We use a 70:30 Training:Test partitions on the datasets. We also remove the following fields from the dataframe - WAE ID (it is an id column), District (it is contained within Block), Village (too many distinct values), Business (too many combinations) and Digital_Score (since we will use the category as target now).
library(caret)
## Loading required package: ggplot2
## Loading required package: lattice
survey_data <- subset(survey_data , select = -c (1,2,4,16,23))
inTrain <- createDataPartition(y=survey_data$Digital_Score_Category, p=0.70, list=FALSE)
training <- survey_data[inTrain , ]
modelFit <- train(Digital_Score_Category ~ ., method = "rf", data = training, trControl = trainControl(method = "cv"), number = 5)
modelFit$results
## mtry Accuracy Kappa AccuracySD KappaSD
## 1 2 0.2578571 -0.05518595 0.11668545 0.15407692
## 2 23 0.3038095 0.04301708 0.07700563 0.09653444
## 3 45 0.2807326 0.00908776 0.06828404 0.09545889
testing <- survey_data[-inTrain , ]
test_Digital_Score_Category <- predict (modelFit, newdata = testing )
confusionMatrix(testing$Digital_Score_Category, test_Digital_Score_Category )

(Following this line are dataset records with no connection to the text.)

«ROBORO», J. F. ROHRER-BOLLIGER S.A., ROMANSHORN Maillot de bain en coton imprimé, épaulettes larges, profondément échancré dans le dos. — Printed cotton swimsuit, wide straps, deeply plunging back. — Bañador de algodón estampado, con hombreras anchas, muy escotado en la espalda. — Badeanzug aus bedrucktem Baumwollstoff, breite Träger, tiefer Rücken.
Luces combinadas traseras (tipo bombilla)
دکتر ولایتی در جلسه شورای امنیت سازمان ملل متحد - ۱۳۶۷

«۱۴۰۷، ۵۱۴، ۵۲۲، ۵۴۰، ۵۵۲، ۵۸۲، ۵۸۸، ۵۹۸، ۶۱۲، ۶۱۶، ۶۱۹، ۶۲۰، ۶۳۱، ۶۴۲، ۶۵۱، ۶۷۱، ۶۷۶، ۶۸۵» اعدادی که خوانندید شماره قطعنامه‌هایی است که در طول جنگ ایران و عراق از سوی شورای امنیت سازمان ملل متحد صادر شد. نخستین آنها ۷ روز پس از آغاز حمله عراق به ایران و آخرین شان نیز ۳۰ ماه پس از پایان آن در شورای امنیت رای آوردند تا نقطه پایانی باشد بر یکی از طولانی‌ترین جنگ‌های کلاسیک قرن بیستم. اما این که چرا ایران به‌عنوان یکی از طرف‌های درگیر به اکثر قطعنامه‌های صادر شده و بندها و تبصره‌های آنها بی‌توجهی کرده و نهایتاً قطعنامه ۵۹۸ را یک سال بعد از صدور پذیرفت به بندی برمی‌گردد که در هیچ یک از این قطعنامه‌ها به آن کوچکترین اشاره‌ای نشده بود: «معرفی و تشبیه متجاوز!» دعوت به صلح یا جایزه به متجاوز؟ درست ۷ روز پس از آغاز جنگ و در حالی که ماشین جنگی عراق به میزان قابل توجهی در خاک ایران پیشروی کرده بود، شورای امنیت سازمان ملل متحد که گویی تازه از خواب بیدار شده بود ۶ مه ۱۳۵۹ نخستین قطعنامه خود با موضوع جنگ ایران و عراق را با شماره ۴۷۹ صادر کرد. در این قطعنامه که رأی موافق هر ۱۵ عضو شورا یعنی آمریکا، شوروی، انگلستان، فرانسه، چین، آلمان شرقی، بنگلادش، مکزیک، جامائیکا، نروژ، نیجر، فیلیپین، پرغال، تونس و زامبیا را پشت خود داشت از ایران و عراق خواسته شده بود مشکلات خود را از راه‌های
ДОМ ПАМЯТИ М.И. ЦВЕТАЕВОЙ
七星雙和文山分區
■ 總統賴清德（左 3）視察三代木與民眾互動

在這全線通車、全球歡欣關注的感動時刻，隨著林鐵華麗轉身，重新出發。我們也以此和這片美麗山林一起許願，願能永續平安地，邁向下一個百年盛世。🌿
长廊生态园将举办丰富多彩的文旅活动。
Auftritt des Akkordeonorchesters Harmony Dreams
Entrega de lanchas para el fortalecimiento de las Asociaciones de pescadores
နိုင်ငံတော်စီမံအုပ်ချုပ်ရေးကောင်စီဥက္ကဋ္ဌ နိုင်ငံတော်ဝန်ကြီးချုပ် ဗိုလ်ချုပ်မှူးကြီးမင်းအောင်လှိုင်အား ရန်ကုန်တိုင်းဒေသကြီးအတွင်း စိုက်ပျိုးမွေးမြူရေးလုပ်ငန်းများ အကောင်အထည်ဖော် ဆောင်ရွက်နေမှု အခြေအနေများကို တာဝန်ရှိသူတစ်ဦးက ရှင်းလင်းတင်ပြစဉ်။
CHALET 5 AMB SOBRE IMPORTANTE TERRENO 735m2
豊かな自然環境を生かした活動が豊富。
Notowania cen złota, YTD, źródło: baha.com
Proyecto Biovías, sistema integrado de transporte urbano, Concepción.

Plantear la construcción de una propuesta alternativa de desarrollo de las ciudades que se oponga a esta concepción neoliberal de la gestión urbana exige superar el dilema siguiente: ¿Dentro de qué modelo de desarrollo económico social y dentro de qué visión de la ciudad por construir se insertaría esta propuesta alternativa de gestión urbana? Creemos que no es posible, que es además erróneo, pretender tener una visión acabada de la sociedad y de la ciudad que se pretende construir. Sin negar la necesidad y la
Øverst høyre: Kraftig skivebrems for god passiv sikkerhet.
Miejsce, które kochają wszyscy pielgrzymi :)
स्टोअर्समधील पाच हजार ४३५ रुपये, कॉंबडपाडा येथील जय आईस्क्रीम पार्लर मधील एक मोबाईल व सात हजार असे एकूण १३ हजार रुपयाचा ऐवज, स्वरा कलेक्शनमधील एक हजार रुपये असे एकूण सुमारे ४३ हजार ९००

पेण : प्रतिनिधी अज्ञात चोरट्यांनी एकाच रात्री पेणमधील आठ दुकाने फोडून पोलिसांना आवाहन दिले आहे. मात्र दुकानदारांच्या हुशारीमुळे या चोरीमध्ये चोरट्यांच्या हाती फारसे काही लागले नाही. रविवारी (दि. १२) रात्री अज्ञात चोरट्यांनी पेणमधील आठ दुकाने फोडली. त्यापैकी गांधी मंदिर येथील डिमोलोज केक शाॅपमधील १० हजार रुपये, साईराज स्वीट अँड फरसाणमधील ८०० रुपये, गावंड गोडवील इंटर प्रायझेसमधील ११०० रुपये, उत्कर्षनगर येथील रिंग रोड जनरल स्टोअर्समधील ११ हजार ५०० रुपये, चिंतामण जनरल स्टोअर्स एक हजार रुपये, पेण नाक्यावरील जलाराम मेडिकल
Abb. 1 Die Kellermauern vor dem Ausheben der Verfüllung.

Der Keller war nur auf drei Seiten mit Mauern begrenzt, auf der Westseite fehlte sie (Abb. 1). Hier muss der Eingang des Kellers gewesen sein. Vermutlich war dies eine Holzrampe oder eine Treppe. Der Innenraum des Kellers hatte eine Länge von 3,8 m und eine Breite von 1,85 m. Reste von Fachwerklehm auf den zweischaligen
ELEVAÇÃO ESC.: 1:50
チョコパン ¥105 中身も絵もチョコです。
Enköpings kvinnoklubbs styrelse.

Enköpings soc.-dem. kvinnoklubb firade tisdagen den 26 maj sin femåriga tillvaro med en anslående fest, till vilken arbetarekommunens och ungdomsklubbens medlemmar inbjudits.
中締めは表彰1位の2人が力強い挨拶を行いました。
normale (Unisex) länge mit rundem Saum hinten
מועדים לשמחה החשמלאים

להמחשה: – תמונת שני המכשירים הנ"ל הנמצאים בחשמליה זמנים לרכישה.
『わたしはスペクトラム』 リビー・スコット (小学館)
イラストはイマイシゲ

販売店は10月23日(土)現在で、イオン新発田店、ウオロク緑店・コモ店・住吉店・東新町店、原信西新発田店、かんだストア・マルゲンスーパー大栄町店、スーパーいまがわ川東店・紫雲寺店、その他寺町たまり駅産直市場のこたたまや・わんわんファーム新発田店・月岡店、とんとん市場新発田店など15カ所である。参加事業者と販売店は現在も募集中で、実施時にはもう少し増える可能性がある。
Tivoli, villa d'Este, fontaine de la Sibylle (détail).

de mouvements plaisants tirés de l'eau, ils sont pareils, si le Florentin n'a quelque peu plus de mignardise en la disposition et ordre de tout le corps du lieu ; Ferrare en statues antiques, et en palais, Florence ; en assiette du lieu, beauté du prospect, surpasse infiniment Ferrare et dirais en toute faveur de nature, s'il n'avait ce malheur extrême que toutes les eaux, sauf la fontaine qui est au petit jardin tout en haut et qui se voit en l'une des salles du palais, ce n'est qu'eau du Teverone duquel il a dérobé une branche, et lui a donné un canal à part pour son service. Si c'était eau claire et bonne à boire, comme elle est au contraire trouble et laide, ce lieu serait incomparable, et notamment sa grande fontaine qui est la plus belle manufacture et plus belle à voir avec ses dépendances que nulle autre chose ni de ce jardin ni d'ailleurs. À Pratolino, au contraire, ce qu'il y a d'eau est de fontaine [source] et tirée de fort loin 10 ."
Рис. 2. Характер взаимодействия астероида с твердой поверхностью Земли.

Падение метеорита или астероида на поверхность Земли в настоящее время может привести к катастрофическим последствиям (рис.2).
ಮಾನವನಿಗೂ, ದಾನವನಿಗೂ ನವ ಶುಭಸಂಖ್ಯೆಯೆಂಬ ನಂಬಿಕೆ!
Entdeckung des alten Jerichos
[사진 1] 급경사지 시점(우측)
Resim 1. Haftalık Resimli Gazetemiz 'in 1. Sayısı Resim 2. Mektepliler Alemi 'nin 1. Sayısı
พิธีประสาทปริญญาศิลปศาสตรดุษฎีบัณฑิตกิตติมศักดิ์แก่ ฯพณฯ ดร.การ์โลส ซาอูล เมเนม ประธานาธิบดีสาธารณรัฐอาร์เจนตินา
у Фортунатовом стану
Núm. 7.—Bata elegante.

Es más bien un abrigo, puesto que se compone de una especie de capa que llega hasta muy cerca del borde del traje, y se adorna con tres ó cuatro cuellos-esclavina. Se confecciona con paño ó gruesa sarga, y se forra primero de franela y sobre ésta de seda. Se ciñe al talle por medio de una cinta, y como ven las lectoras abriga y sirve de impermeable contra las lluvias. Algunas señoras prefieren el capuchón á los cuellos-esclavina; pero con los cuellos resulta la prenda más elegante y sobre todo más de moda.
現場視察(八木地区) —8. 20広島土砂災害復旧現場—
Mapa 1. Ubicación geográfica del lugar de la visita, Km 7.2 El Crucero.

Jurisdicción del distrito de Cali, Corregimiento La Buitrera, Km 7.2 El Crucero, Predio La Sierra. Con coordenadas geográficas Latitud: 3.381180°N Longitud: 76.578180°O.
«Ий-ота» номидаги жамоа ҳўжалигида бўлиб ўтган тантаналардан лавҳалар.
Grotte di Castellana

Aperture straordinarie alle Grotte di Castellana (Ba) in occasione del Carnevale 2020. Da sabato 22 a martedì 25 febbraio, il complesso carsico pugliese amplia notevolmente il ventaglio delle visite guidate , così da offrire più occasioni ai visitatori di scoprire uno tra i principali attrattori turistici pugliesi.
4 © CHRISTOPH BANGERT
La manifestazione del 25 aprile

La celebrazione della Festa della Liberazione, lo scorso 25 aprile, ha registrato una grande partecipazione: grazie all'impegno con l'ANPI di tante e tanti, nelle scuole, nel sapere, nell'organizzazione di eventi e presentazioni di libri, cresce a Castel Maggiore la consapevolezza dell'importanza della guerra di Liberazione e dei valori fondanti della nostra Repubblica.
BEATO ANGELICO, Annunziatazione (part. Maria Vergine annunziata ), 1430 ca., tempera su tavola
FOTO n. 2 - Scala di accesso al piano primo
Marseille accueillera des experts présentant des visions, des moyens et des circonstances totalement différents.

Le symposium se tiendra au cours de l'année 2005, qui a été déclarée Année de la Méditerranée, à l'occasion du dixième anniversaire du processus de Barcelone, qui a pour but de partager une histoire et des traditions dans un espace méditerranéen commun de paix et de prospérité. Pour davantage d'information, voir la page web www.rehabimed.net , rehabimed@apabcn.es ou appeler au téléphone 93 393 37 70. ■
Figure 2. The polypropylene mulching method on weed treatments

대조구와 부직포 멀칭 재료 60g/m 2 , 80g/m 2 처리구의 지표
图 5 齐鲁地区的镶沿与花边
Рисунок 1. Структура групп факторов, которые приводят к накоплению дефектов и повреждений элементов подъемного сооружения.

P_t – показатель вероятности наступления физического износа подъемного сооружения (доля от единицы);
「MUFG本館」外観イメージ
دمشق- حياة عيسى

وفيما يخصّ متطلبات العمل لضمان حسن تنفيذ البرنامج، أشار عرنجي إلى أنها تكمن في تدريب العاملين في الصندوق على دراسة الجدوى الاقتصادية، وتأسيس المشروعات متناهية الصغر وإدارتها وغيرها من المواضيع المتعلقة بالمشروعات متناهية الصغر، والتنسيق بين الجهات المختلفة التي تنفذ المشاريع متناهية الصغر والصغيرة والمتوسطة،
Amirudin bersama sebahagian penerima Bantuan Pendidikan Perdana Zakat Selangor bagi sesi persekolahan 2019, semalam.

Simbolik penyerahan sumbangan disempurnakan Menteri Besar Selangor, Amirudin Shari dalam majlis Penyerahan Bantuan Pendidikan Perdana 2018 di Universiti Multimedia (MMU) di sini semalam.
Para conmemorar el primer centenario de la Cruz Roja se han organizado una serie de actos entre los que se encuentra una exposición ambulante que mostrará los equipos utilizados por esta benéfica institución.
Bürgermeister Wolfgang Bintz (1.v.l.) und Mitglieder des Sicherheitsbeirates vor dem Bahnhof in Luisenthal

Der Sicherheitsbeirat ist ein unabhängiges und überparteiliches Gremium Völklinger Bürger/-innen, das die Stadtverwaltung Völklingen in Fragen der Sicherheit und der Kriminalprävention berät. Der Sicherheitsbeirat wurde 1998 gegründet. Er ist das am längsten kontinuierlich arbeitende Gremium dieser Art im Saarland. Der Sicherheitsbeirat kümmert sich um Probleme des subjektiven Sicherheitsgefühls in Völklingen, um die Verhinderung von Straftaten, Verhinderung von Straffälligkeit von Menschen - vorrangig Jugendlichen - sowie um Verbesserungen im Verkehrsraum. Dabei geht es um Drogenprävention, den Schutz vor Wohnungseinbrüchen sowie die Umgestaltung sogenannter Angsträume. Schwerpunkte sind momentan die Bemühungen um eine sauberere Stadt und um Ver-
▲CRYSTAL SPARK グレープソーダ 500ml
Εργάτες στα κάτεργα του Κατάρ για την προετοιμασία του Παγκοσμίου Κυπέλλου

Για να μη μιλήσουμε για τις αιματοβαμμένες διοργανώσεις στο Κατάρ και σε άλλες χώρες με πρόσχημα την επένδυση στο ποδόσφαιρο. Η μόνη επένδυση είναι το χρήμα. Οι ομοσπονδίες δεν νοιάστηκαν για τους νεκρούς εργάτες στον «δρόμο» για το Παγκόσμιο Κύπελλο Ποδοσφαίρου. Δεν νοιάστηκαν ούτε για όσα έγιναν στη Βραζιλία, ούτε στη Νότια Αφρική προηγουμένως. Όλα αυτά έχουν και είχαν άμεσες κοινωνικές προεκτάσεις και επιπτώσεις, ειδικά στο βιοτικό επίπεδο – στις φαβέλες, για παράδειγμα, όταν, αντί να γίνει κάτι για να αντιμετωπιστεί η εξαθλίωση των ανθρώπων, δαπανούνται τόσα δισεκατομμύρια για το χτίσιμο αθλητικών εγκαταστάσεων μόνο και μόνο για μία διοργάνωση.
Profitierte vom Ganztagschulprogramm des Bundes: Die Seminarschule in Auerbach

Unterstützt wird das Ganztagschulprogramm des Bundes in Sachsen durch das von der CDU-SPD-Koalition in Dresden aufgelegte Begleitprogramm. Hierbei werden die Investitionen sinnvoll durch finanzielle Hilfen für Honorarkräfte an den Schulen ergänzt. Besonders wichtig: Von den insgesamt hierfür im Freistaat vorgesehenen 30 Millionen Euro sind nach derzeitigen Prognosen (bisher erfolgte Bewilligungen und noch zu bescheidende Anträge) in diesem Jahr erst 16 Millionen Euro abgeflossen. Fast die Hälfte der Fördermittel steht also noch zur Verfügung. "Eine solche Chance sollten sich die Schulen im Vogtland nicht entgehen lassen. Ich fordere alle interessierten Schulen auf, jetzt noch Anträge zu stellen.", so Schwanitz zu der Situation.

## Confusion Matrix and Statistics
##
## Reference
## Prediction Between 10 and 15 Between 15 and 20 Between 20 and 25
## Between 10 and 15 2 5 3
## Between 15 and 20 4 7 5
## Between 20 and 25 2 7 8
## Less than 10 1 3 2
## More than 25 1 4 0
## Reference
## Prediction Less than 10 More than 25
## Between 10 and 15 0 0
## Between 15 and 20 0 1
## Between 20 and 25 0 0
## Less than 10 0 0
## More than 25 0 0
##
## Overall Statistics
##
## Accuracy : 0.3091
## 95% CI : (0.1914, 0.4481)
## No Information Rate : 0.4727
## P-Value [Acc > NIR] : 0.9954
##
## Kappa : 0.0378
##
## Mcnemar's Test P-Value : NA
##
## Statistics by Class:
##
## Class: Between 10 and 15 Class: Between 15 and 20
## Sensitivity 0.20000 0.2692
## Specificity 0.82222 0.6552
## Pos Pred Value 0.20000 0.4118
## Neg Pred Value 0.82222 0.5000
## Prevalence 0.18182 0.4727
## Detection Rate 0.03636 0.1273
## Detection Prevalence 0.18182 0.3091
## Balanced Accuracy 0.51111 0.4622
## Class: Between 20 and 25 Class: Less than 10
## Sensitivity 0.4444 NA
## Specificity 0.7568 0.8909
## Pos Pred Value 0.4706 NA
## Neg Pred Value 0.7368 NA
## Prevalence 0.3273 0.0000
## Detection Rate 0.1455 0.0000
## Detection Prevalence 0.3091 0.1091
## Balanced Accuracy 0.6006 NA
## Class: More than 25
## Sensitivity 0.00000
## Specificity 0.90741
## Pos Pred Value 0.00000
## Neg Pred Value 0.98000
## Prevalence 0.01818
## Detection Rate 0.00000
## Detection Prevalence 0.09091
## Balanced Accuracy 0.45370
The accuracy from Random Forest is approx.30%.